In seguito al reclamo di un utente, il Garante Privacy per la protezione dei dati personali ha chiesto informazioni a MG Freesites Ltd, la società cipriota che gestisce il portale Pornhub, riguardo alla versione italiana del sito.
Le richieste del Garante hanno come oggetto la sussistenza di profilazione di utenti italiani. E, in caso affermativo, le modalità di svolgimento della profilazione e le finalità di raccolta dei dati.
Altro tema oggetto di richiesta di informazioni è l’uso di cookie e altri strumenti di tracciamento diversi da quelli tecnici: “La società dovrà indicare la base giuridica del trattamento (sia per gli utenti che abbiano creato un account sulla piattaforma sia per quelli non autenticati), la tipologia e la natura dei dati eventualmente raccolti, nonché le modalità tecniche per raccogliere il consenso e quale informativa sia stata resa agli utenti”.

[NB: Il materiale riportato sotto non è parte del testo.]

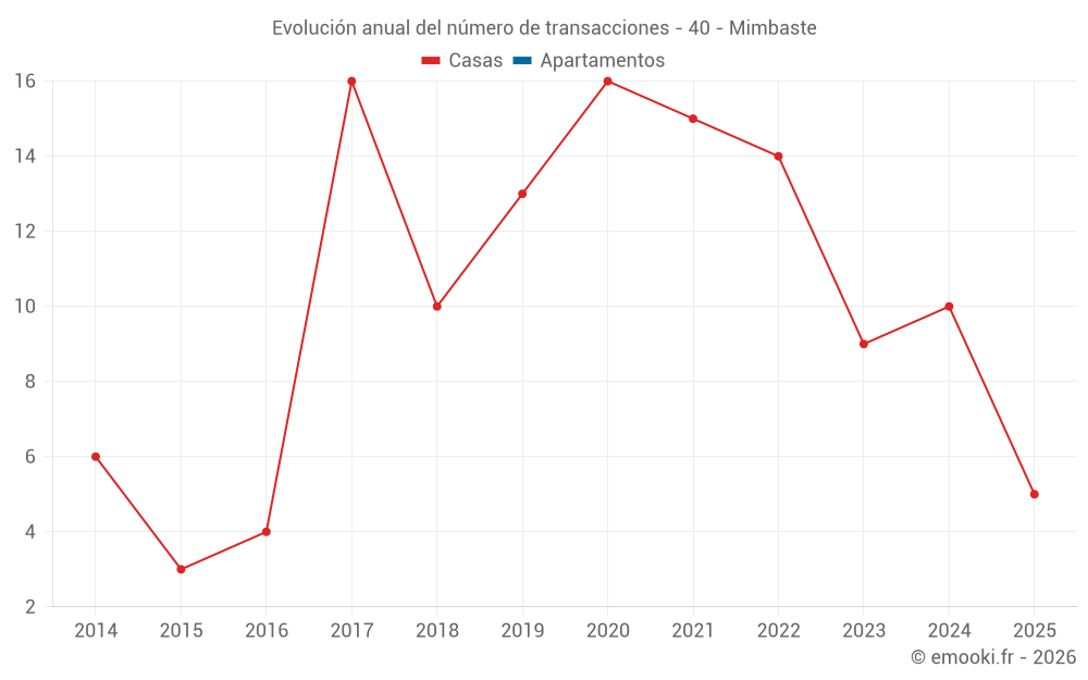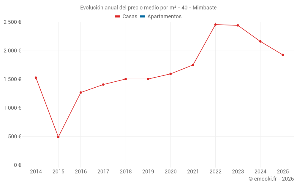 El precio mediano en las 19 transacciones de casas de los últimos 24 meses en la comuna de Mimbaste fue de 2 014 € por metro cuadrado para un valor patrimonial medio de 270 000 €. Durante este período el 60% de las transacciones estuvieron entre 946 y 2 530 € por metro cuadrado (del 2º al 8º decil).

Tema delicatissimo, inoltre, è l’eventuale cessione dei dati a terzi: nel caso i dati siano comunicati a soggetti diversi, MG Freesites Ltd dovrà indicare i destinatari e chiarire se gli utenti ne erano stati informasti e se lo erano stati adeguatamente.
Inoltre è particolarmente delicato il tema dell’età degli utenti e il filtro per i minorenni.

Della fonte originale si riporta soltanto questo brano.